Enlarge Gerald Herbert, file/AP Photo

Federal Deposit Insurance Corp Chairman Sheila Bair explains her agency's funding challenges to the media at an August 2009 news conference.

Sheila Bair.
Gerald Herbert, file/AP Photo

Federal Deposit Insurance Corp Chairman Sheila Bair explains her agency's funding challenges to the media at an August 2009 news conference.

The federal agency that insures that bank depositors don't lose their money when a bank becomes insolvent needs some financial assistance itself because of all the failed banks it's had to move in to clean up.

So the Federal Deposit Insurance Corp. is planning on asking banks to prepay their insurance premiums to the fund earlier than scheduled.

By doing so, the FDIC believes it can take in about $45 billion which should allow the agency to maintain the level of cash it will require to do step in and protect insured deposits through 2010. The FDIC wants to receive early the premiums due for this year's fourth quarter all the way through 2012.

According to FDIC officials, bank failures are expected to peak this year and next, so it projects it will need the money more in the near-term than further out.
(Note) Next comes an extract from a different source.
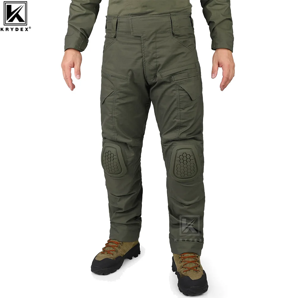 KRYDEX-pantalones de combate para Paintball, pantalón de campo de batalla, uniforme de asalto táctico con rodilleras, caza, Ranger, Verde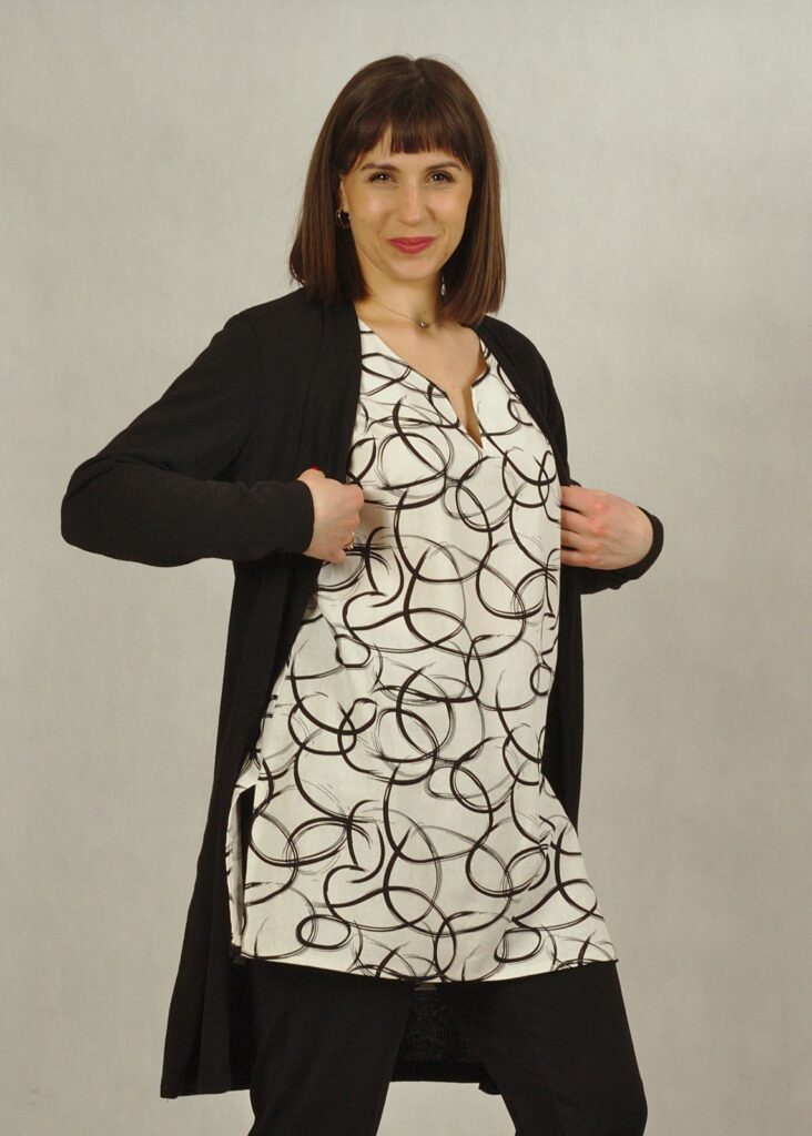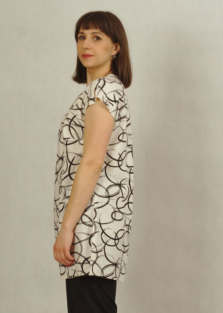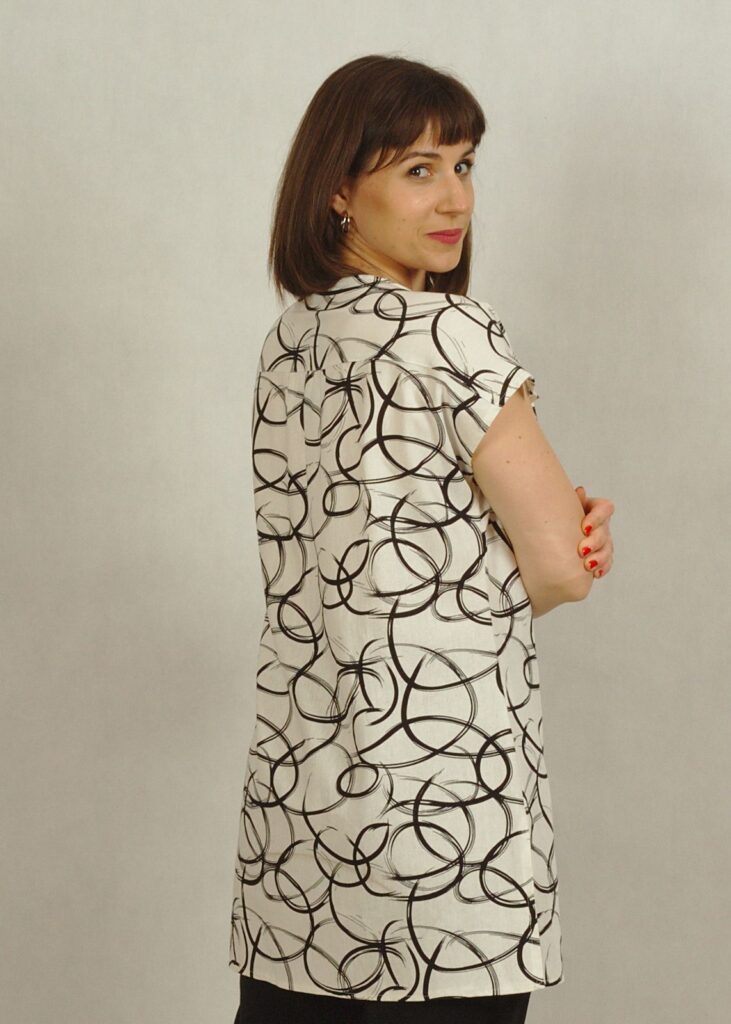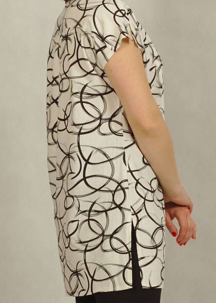 Świetna propozycja na letnie dni – wybierz tunikę białą w czarne (wstążki) i poczuj się wyjątkowo.

It even suggests that it might be able to reimburse premiums in the out-years so long as its projections hold.

 

There are other potential ways to raise the money but FDIC officials believe they have landed on the best one.

They're not keen on imposing a special assessment on banks that would come on top of the premiums since that could hurt industry earnings and make weak banks even weaker. As might be expected, the banking industry absolutely hated this idea.

Likewise, the FDIC wasn't thrilled with the idea of going to the Treasury Department since the agency's philosophy, shared by the industry, is that banks should support the insurance fund with their premiums.

So that left the pre-payment idea, of which the industry group, the American Bankers Association, approves.

A snippet of a statement by James Chessen, ABA's chief economist:

"The pre-paid assessments represent money that the FDIC expects to receive from banks anyway over the next several years, but having the cash on hand sooner rather than later provides more flexibility for dealing with any contingencies over the foreseeable future. The bottom line is that customer deposits remain safe in banks and the FDIC has the resources needed to meet its responsibilities.

"This year banks will pay nearly $17 billion in premiums — including the large $5.6 billion special assessment paid in the second quarter. Another special assessment would likely do more harm than good as it would directly reduce bank income, hinder capital growth, and make lending much more difficult. At this critical time, when the economy is just beginning its recovery, looking to options that are less pro-cyclical and that spread the cost over time is the right policy."